Why we collect your personal information

Some of the reasons why the council needs to collect your personal information are:

  • Maintaining of the electoral register.
  • Protecting you or others by helping to detect, investigate, enforce and prevent crime and fraud.
  • Providing a service you or others have requested for.
  • Processing job applications, school places, housing applications and other requests you or others might make to us in our role as a local authority and employer.
  • Processing payments made to the council for council tax, debts, fines, rent and other services we offer.
  • Sometimes we are bound by law to collect personal information or support its collection because of legal reasons.
  • To provide healthcare services and safeguard the health and wellbeing, and environment of our residents.
  • Making payments to you and others for various welfare benefits, other benefits, salaries and compensation.
  • Investigating matters that concern or involve our residents.
  • Helping us plan to improve services
  • Ensuring that planning and building regulations are being followed.
  • When we act in a statutory role to issue licences, parking notices, provide education, social services and other statutory functions.
  • Studying trend and contributing to research that will benefit your health and wellbeing.
  • Improving your browsing experience when you use our website. Although we never use this information to identify you, it is still your personal information.
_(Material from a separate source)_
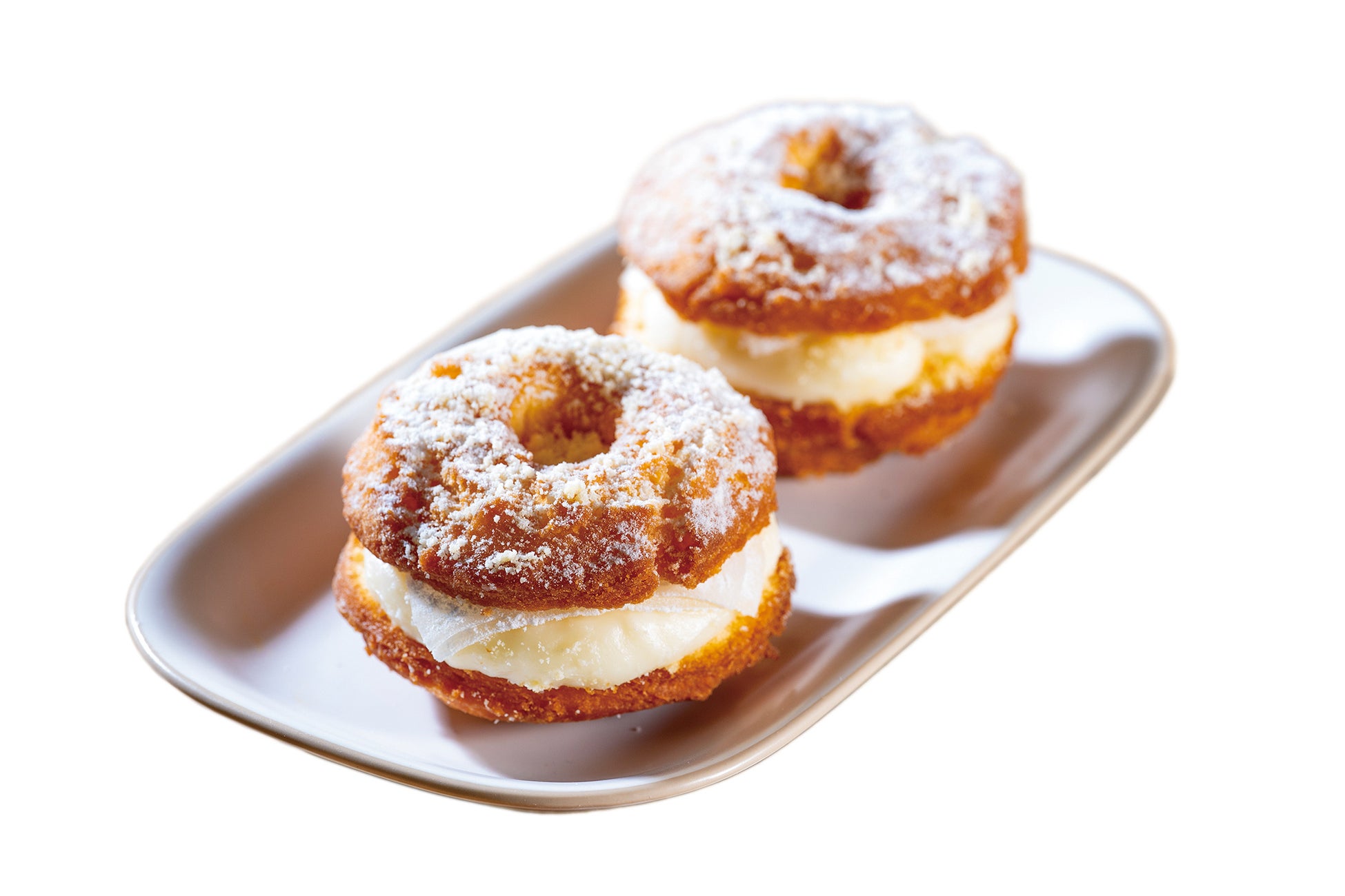 北海道産小麦を使用したやわらかしっとり食感が特徴の手作りドーナツに、求肥とチーズクリームを挟み込みました!

Whatever the reason is for collecting your personal information, we ensure there is an appropriate lawful basis in the General Data Protection Regulation and Data Protection Act, for doing so.

Lawful basis are legal paths in data protection law that regulate our approach and conduct when we collect your information.

Depending on the purpose for collecting your information, our lawful basis might be; consent, contract, where you have made the information public, when the law says we must, to protect you or others when you or others are not in a position to provide consent, if the information is important for the public good and this reason is supported by specific law, because of our role as a Local Authority responsible for employment, provision of health and social care, investigating your capacity to work, social security and protection, for reasons of public health, preventative or occupational medicine, preserving the record for the future, and to study patterns that will help us provide better services.